A new study suggests that climate warming will increase crop losses for critical food grains due to the increased metabolic rate and population growth of insect pests.

“Climate change will have a negative impact on crops,” said Scott Merrill of the University of Vermont, co-author of the study. “We’re going to see increased pest pressure with climate change.”

The team found that just a 2-degree increase in global temperature averages will cause total crop losses of around 213 million tons for rice, wheat, and maize crops. These losses will stem from increased insect metabolism.

“When the temperature increases, the insects’ metabolism increases so they have to eat more,” Merrill said. “That’s not good for crops.”

However, the connection to population growth is more complicated. Since insects have optimal temperatures for population growth, losses will be highest in temperate regions and less severe in tropics.

“Temperate regions are not at that optimal temperature, so if the temperature increases there, populations will grow faster,” Merrill said. “But insects in the tropics are already close to their optimal temperature, so the populations will actually grow slower. It’s just too hot for them.”

Ultimately, farmers will have to find novel pest management methods, such as adding new crop rotations or boosting pesticide use. However, not all of these strategies will be available to every farmer.

“There are a lot of things richer countries can do to reduce the effect, by increasing pesticide use or expanding integrated pest management strategies,” Merrill said. “But poorer countries that rely on these crops as staple grains will have a harder time.”

The findings were published in Science.

Genetic legacy of first dogs lives on in sexually transmitter cancer

The DNA of the first domesticated dogs of the Americas lives on in a sexually transmitter cancer.

A new study suggests that the domesticated dogs that firsts traveled to the Americas were brought by humans that were migrating from Asia. And although they were eventually wiped out in the 15th century, their genetic legacy appears to live on as a sexually transmitter cancer.

The cancer is called canine transmissible venereal tumor (CTVT) and has spread around the world. It is essentially a mutated version of animal DNA, which was traced back to the first domesticated American dogs.

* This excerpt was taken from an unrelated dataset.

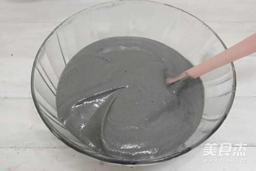 10拌好的蛋糕糊,加了竹炭粉的蛋糕糊会容易消泡些,拌的时候手要轻柔,速度也相对快一些

“It’s quite incredible to think that possibly the only survivor of a lost dog lineage is a tumor that can spread between dogs as an infection,” said Maire Ní Leathlobhair, a researcher from the Department of Veterinary Medicine at the University of Cambridge and co-lead author of the study.

Although the examination into the genetic history of dogs is far from finished, the new data sheds light on more clues.

“I think it’s an important technical achievement to get more ancient dog genomes,” said Krishna Veeramah, a geneticist at Stony Brook University who has studied ancient dog evolution. He also claims that until now, we have only sequenced the nuclear DNA of three other breeds of ancient dog.

“While the study does not really address the ultimate origins of dogs from wolves (this will need older samples from Eurasia), it sheds new light on an important aspect of dog-human history,” he said.

Ultimately, the new data will add to our current archaeological and genetic research and continue painting a picture of the history of the world’s most iconic domestic animals.

The findings were published in Science.